- **WORK INSTRUCTION**
Restate the listing below word for word; no picture is to be carried over.

- **DATA SEGMENT**
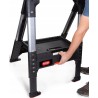 Der Ständer ist mobil und nimmt zusammengeklappt in flacher Position nicht viel Platz ein. Die Arbeit selbst erfolgt in aufrechter Haltung – das System zum Öffnen und Schließen der Verriegelung ermöglicht eine Höhenverstellung des Ständers im Bereich von 78 bis 99 cm. So arbeiten Sie unter komfortablen Bedingungen, ohne sich übermäßig bücken zu müssen und Ihre Muskeln einer erhöhten Belastung und Anspannung auszusetzen.
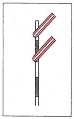 A váltó jobb kitérő irányba áll - fekete alapon két, egyik végén összetartó fehér téglalap a kitérés irányába.(24. ábra)
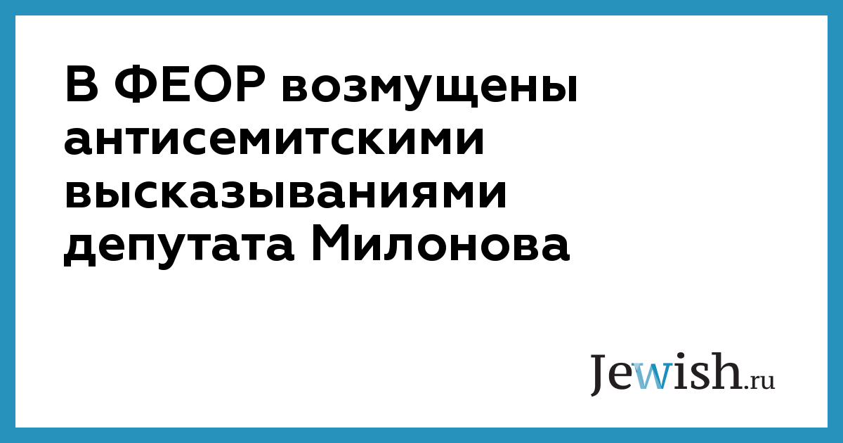 В Федерации еврейских общин России выражают недоумение по поводу антисемитского характера выступления депутата законодательного собрания Санкт-Петербурга от фракции «Единая Россия» Виталия Милонова.

- **RESULT OF THE EXERCISE**
 Der Ständer ist mobil und nimmt zusammengeklappt in flacher Position nicht viel Platz ein. Die Arbeit selbst erfolgt in aufrechter Haltung – das System zum Öffnen und Schließen der Verriegelung ermöglicht eine Höhenverstellung des Ständers im Bereich von 78 bis 99 cm. So arbeiten Sie unter komfortablen Bedingungen, ohne sich übermäßig bücken zu müssen und Ihre Muskeln einer erhöhten Belastung und Anspannung auszusetzen.
 A váltó jobb kitérő irányba áll - fekete alapon két, egyik végén összetartó fehér téglalap a kitérés irányába.(24. ábra)
 В Федерации еврейских общин России выражают недоумение по поводу антисемитского характера выступления депутата законодательного собрания Санкт-Петербурга от фракции «Единая Россия» Виталия Милонова.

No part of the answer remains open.